--- DATA IN THIS EXERCISE ---

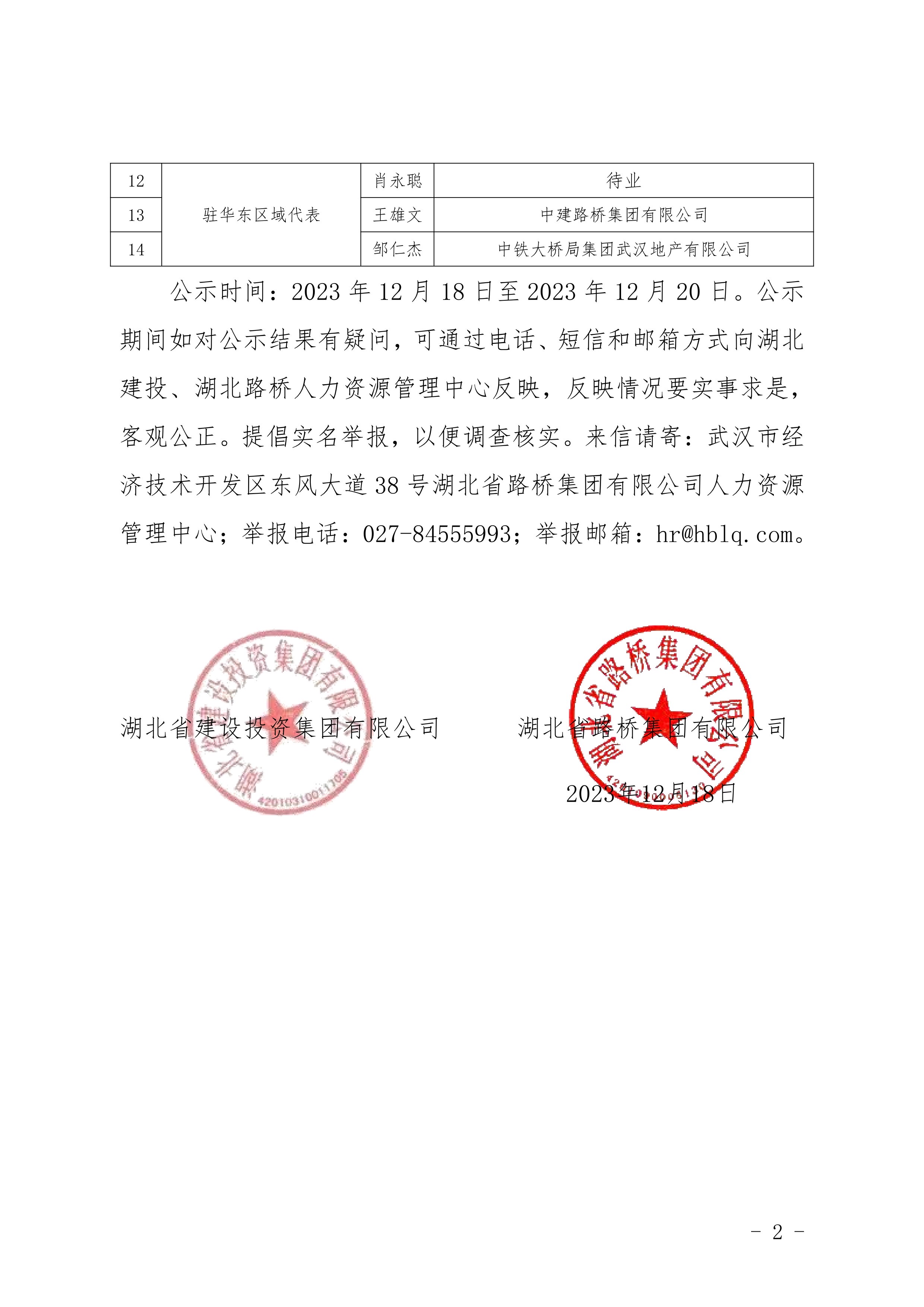 湖北省建設投資集團有限公司、湖北省路橋集團有限公司駐湖北聯(lián)投區(qū)域公司總部管理崗位公開競聘報名初審公示
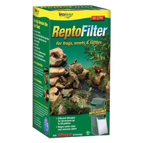 Using Whisper filtration technology, the ReptoFilter provides quality three-stage filtration, removing debris, discoloration, and odors and ammonia from terrariums with up to 20 gallons of water. The design allows for operation in shallow-water environments, making it ideal for creating waterfalls. A top lid keeps reptiles out of the filter chamber while providing easy access for replacing filter cartridges.
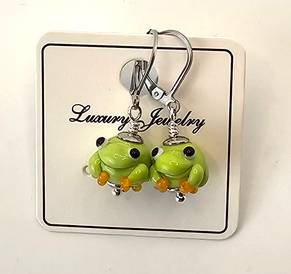 Ohrhänger Fröschlein aus Muranoglas. Klapp-Brisur aus Chirurgenstahl. Gesamtlänge ca. 33 mm.
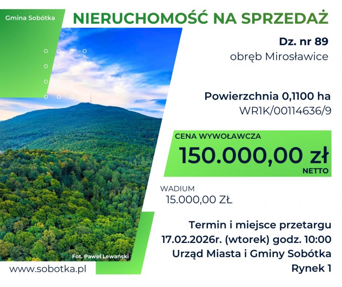 17.02.2026 r. o godz. 10:00 w Urzędzie Miasta i Gminy Sobótka, Rynek 1, sala nr 11.
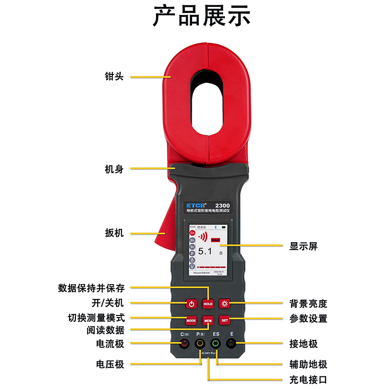 ETCR2300地樁式鉗形接地電阻表又稱地樁式鉗形接地電阻表、地樁式鉗形表,用于現(xiàn)場測量接地電阻、土壤電阻率、接地電流、接地電壓。儀表具有鉗表法、二線法、三線法、四線法、選擇法等各種測量方法,儀表導(dǎo)入FFT(快速傅立葉變換)技術(shù)、AFC(自動頻率控制)技術(shù),具有獨特的抗干擾能力和環(huán)境適應(yīng)能力,重復(fù)測試一致性強,確保測量的高精度、高穩(wěn)定性和高可靠性。
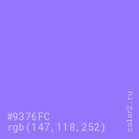 Цвет #9376FC в цветовой модели RGB обозначается тремя октетами (147, 118, 252) в десятичном формате и #9376FC в шестнадцатиричном (hex) формате, которые являются интенсивностью красного 147 (hex 93), интенсивность зелёного 118 (hex 76) и интенсивность синего 252 (hex FC).
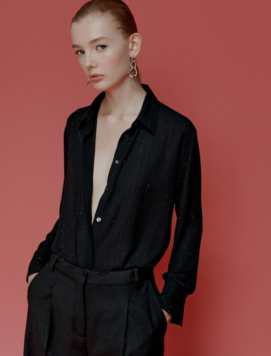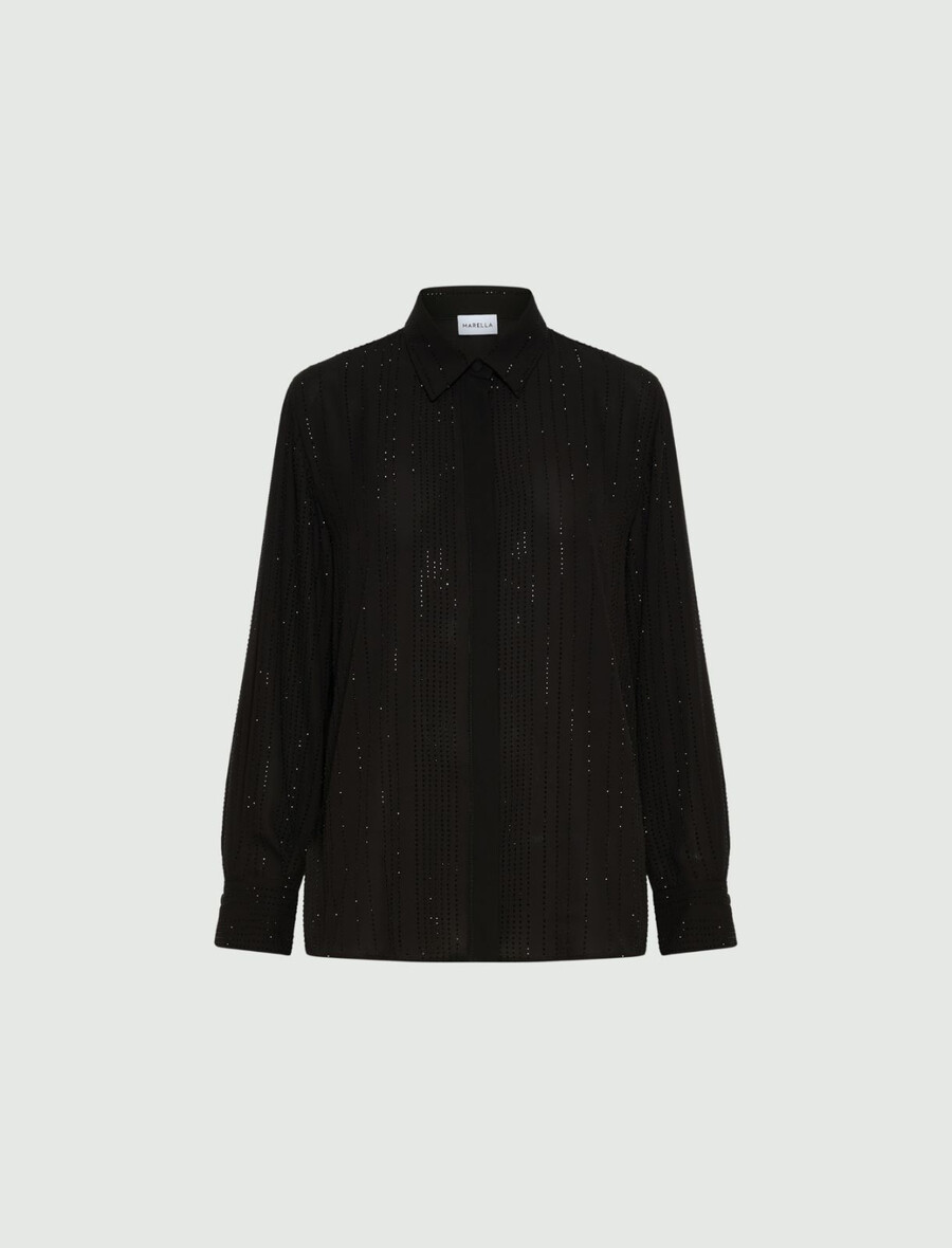 Chemise en georgette ornée de strass – NOIRE
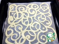 Выложить тесто в кулинарный мешок с круглой насадкой и отсадить на противень с промасленным пергаментом любой узор. Отставить на время в сторону. |
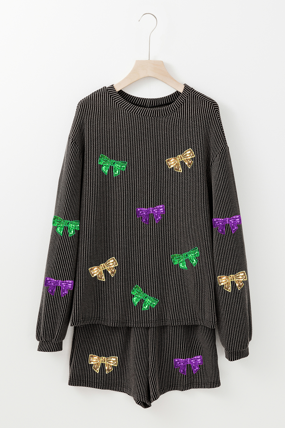 Carbon Grey Bowknot Patched Pattern Corded Long Sleeve Top and Shorts Outfit
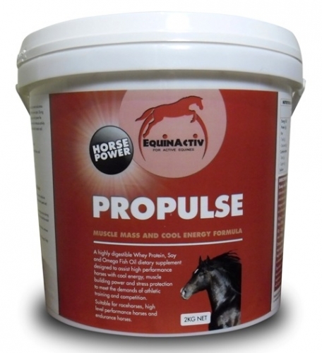 EquinActiv ProPulse provides quality protein and amino acids to assist with optimum muscle mass and greater power output. During hard training or intense workouts, large muscle groups which power the horse are broken down and damaged. Equines involved in strenuous activity require more proteins and amino acids to enable the body to repair and rebuild bodily tissues and functions.
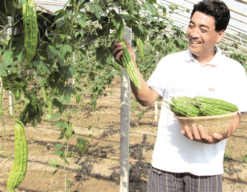 今年,江苏省东海县按照“人闲地不闲,一地两赚钱”的新思路,积极会同县域果蔬专业合作社,利用2万多亩蔬菜大棚夏闲晒地试点推广既是保健食品又是中药材的良种无公害苦瓜种植。无公害苦瓜经蔬菜合作社牵头,不出地头就被各地经纪人收购一空,每座大棚平均增收5000多元。图为社员正在采摘苦瓜。张正友 摄

---

# WHAT THE TASK ASKS
Retype every entry word for word, but do not carry over the pictures.

# TASK OUTPUT
 湖北省建設投資集團有限公司、湖北省路橋集團有限公司駐湖北聯(lián)投區(qū)域公司總部管理崗位公開競聘報名初審公示
 Using Whisper filtration technology, the ReptoFilter provides quality three-stage filtration, removing debris, discoloration, and odors and ammonia from terrariums with up to 20 gallons of water. The design allows for operation in shallow-water environments, making it ideal for creating waterfalls. A top lid keeps reptiles out of the filter chamber while providing easy access for replacing filter cartridges.
 Ohrhänger Fröschlein aus Muranoglas. Klapp-Brisur aus Chirurgenstahl. Gesamtlänge ca. 33 mm.
 17.02.2026 r. o godz. 10:00 w Urzędzie Miasta i Gminy Sobótka, Rynek 1, sala nr 11.
 ETCR2300地樁式鉗形接地電阻表又稱地樁式鉗形接地電阻表、地樁式鉗形表,用于現(xiàn)場測量接地電阻、土壤電阻率、接地電流、接地電壓。儀表具有鉗表法、二線法、三線法、四線法、選擇法等各種測量方法,儀表導(dǎo)入FFT(快速傅立葉變換)技術(shù)、AFC(自動頻率控制)技術(shù),具有獨特的抗干擾能力和環(huán)境適應(yīng)能力,重復(fù)測試一致性強,確保測量的高精度、高穩(wěn)定性和高可靠性。
 Цвет #9376FC в цветовой модели RGB обозначается тремя октетами (147, 118, 252) в десятичном формате и #9376FC в шестнадцатиричном (hex) формате, которые являются интенсивностью красного 147 (hex 93), интенсивность зелёного 118 (hex 76) и интенсивность синего 252 (hex FC).
 Chemise en georgette ornée de strass – NOIRE
 Выложить тесто в кулинарный мешок с круглой насадкой и отсадить на противень с промасленным пергаментом любой узор. Отставить на время в сторону. |
 Carbon Grey Bowknot Patched Pattern Corded Long Sleeve Top and Shorts Outfit
 EquinActiv ProPulse provides quality protein and amino acids to assist with optimum muscle mass and greater power output. During hard training or intense workouts, large muscle groups which power the horse are broken down and damaged. Equines involved in strenuous activity require more proteins and amino acids to enable the body to repair and rebuild bodily tissues and functions.
 今年,江苏省东海县按照“人闲地不闲,一地两赚钱”的新思路,积极会同县域果蔬专业合作社,利用2万多亩蔬菜大棚夏闲晒地试点推广既是保健食品又是中药材的良种无公害苦瓜种植。无公害苦瓜经蔬菜合作社牵头,不出地头就被各地经纪人收购一空,每座大棚平均增收5000多元。图为社员正在采摘苦瓜。张正友 摄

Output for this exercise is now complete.